1.8 Resource-level performance
1.8 – Resource-level performance
This chapter investigates how fundamental system resources behave under load and how they can constrain performance.
The focus is on CPU, I/O, network, and on the ways in which bottlenecks can emerge when one of the resources becomes saturated before the others.
Understanding resource-level performance is essential because system degradation is often the visible result of resource limits rather than application logic alone.
Table of Contents
- 1.8.1 CPU behavior
- 1.8.2 I/O and disk
- 1.8.3 Network behavior
- 1.8.4 Resource saturation and bottlenecks
1.8.1 CPU behavior
Definition
The CPU is the component responsible for executing instructions.
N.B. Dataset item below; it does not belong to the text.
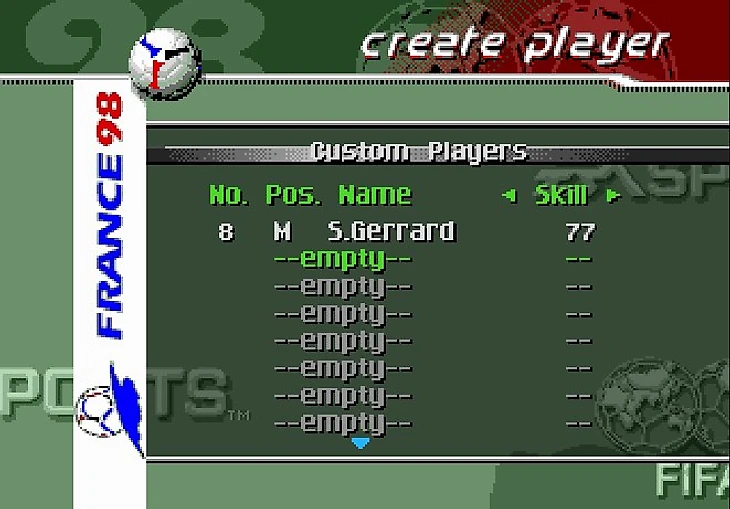 Команду я создавать не стал, сделал лишь игрока. Кстати, в том же детстве, я тратил на это часы, создавая тех игроков, которых в этой ФИФЕ ещё не было. Вот пример.

CPU performance is determined not only by how fast instructions are executed, but by how execution is scheduled across competing workloads.
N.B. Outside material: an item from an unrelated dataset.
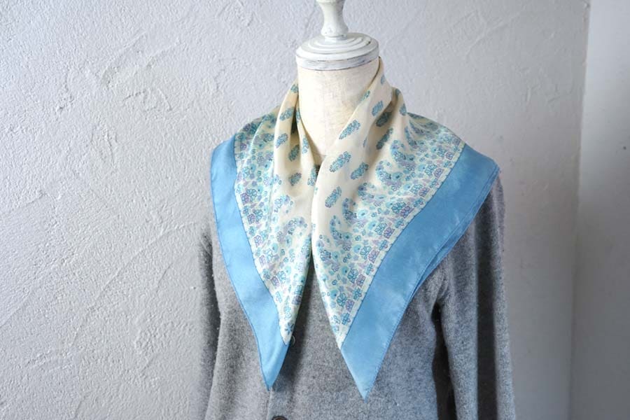 輸入アンティーク通販TOP >アンティークドレス > スカーフやショールや傘 > 英国ヴィンテージ スカイブルーの爽やかなシルクスカーフ(58×58cm)gd-304

This distinction is important because CPU-related degradation is often caused by scheduling pressure, queueing, and contention, rather than only by computational cost.
CPU utilization vs saturation
CPU utilization represents how much of the CPU capacity is being used.
High utilization is not necessarily an indication of a possible problem.
CPU saturation occurs when:
- there is more work than the CPU can execute
- threads are ready to run but cannot be scheduled immediately
Key distinction:
- high utilization → CPU is busy
- saturation → CPU is overloaded
A system may therefore show high CPU utilization and still continue to behave acceptably, as long as runnable work does not accumulate faster than the CPU can process it.
Scheduling and run queue
Threads do not execute continuously.
They are scheduled by the operating system.
At every moment:
- some threads are running
- some are waiting to run (run queue)
When the number of runnable threads exceeds the number of available CPU cores:
- threads accumulate in the run queue
- scheduling delays increase
This directly impacts latency (→ 1.5 System behavior under load) and can be investigated using concurrency relationships (→ 1.2.1 Little’s Law (system-level concurrency)).
The run queue is therefore a critical signal of CPU pressure, because it shows not only that the CPU is busy, but that there is work waiting to be executed.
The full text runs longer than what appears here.